How does North Carolina compare to the national average for refuse and recyclable material collectors?

North Carolina pays $45K median vs. the U.S. average of $50K — that’s -10%. After adjusting for local cost of living (RPP 92.66), the purchasing-power equivalent is $48K — below the national median.

How much do refuse and recyclable material collectors make in North Carolina?

The median is $44,670 a year, that works out to about $21 an hour. But the range is wide: entry-level workers start around $25,140, and experienced refuse and recyclable material collectors can clear $58,570. These are BLS numbers, based on employer-reported data, not self-reported surveys.

Is $45K enough to live in North Carolina?

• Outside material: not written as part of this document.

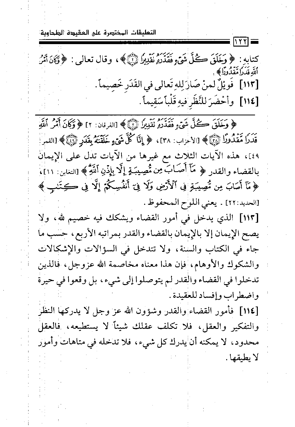 (وخلق كل شيء فقدره تقديراً) [الفرقان: 2] (وكان أمر الله قدراً مقدوراً) [الأحزاب: 38] ، (إنا كل شيء خلقناه بقدر) [القمر: 49] ، هذه الآيات الثلاث مع غيرها من الآيات تدل على الإيمان بالقضاء والقدر (ما أصاب من مصيبة إلا بإذن الله) [التغابن: 11] ، (ما أصاب من مصيبة في الأرض ولا في أنفسكم إلا في كتاب) [الحديد: 22] . يعني اللوح المحفوظ.

On that salary, you'd take home roughly $2,993/month after taxes. A 2-bedroom here rents for about $1,284/month, which eats 42.9% of your paycheck. That's above the 30% rule of thumb, housing will be a stretch at the median salary, though you can manage with roommates or a smaller place.

How far does a refuse and recyclable material collectors salary go in North Carolina?

North Carolina has a Regional Price Parity of 92.66 (100 is the national average). That's below average, your money stretches further here than the raw salary number suggests. After cost-of-living adjustment, the median refuse and recyclable material collectors salary is worth about $48,209 in national-average purchasing power.

Where do refuse and recyclable material collectors get paid the most?

The table above ranks every state by median pay for this role. Keep in mind that the highest-paying states tend to have the highest costs of living, so the top salary doesn't always mean the most money in your pocket.